Work to be completed
Would you write out each line of the material below exactly, skipping every picture?

Information supplied
++++++++++

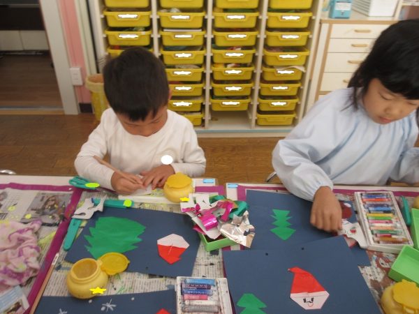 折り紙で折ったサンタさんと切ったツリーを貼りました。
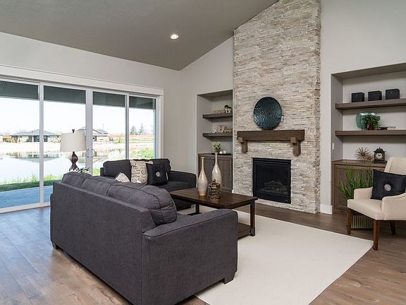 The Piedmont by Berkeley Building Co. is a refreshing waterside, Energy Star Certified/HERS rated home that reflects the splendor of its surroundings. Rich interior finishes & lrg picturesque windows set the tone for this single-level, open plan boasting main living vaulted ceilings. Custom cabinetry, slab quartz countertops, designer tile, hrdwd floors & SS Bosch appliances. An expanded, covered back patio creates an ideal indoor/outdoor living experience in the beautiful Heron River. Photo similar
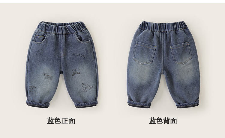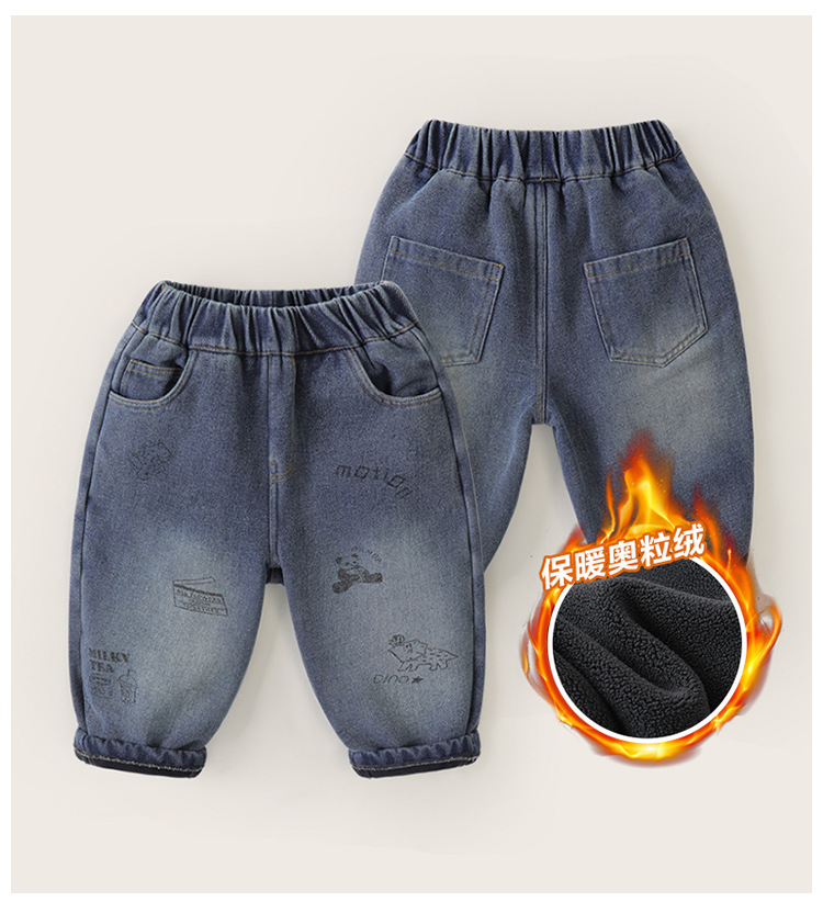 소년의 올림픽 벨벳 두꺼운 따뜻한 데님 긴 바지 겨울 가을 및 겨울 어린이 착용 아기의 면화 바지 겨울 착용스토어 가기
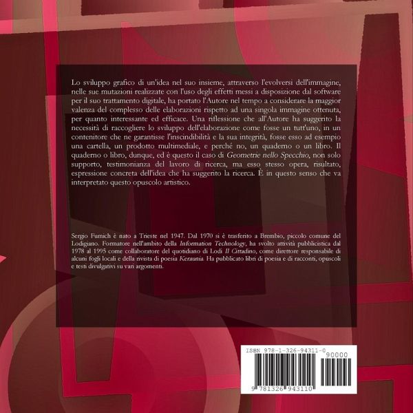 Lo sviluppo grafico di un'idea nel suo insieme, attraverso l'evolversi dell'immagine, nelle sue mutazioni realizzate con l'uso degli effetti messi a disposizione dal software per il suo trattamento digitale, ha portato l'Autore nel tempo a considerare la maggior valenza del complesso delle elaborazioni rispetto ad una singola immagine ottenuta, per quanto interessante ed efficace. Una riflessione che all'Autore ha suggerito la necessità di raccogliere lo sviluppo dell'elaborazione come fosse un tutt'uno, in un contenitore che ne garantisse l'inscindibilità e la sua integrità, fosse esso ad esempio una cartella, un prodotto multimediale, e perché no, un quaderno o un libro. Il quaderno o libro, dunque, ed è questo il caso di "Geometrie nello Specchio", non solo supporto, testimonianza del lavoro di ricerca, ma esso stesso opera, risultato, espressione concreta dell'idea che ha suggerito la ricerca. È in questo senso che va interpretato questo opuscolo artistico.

++++++++++

Answer below
 折り紙で折ったサンタさんと切ったツリーを貼りました。
 The Piedmont by Berkeley Building Co. is a refreshing waterside, Energy Star Certified/HERS rated home that reflects the splendor of its surroundings. Rich interior finishes & lrg picturesque windows set the tone for this single-level, open plan boasting main living vaulted ceilings. Custom cabinetry, slab quartz countertops, designer tile, hrdwd floors & SS Bosch appliances. An expanded, covered back patio creates an ideal indoor/outdoor living experience in the beautiful Heron River. Photo similar
 소년의 올림픽 벨벳 두꺼운 따뜻한 데님 긴 바지 겨울 가을 및 겨울 어린이 착용 아기의 면화 바지 겨울 착용스토어 가기
 Lo sviluppo grafico di un'idea nel suo insieme, attraverso l'evolversi dell'immagine, nelle sue mutazioni realizzate con l'uso degli effetti messi a disposizione dal software per il suo trattamento digitale, ha portato l'Autore nel tempo a considerare la maggior valenza del complesso delle elaborazioni rispetto ad una singola immagine ottenuta, per quanto interessante ed efficace. Una riflessione che all'Autore ha suggerito la necessità di raccogliere lo sviluppo dell'elaborazione come fosse un tutt'uno, in un contenitore che ne garantisse l'inscindibilità e la sua integrità, fosse esso ad esempio una cartella, un prodotto multimediale, e perché no, un quaderno o un libro. Il quaderno o libro, dunque, ed è questo il caso di "Geometrie nello Specchio", non solo supporto, testimonianza del lavoro di ricerca, ma esso stesso opera, risultato, espressione concreta dell'idea che ha suggerito la ricerca. È in questo senso che va interpretato questo opuscolo artistico.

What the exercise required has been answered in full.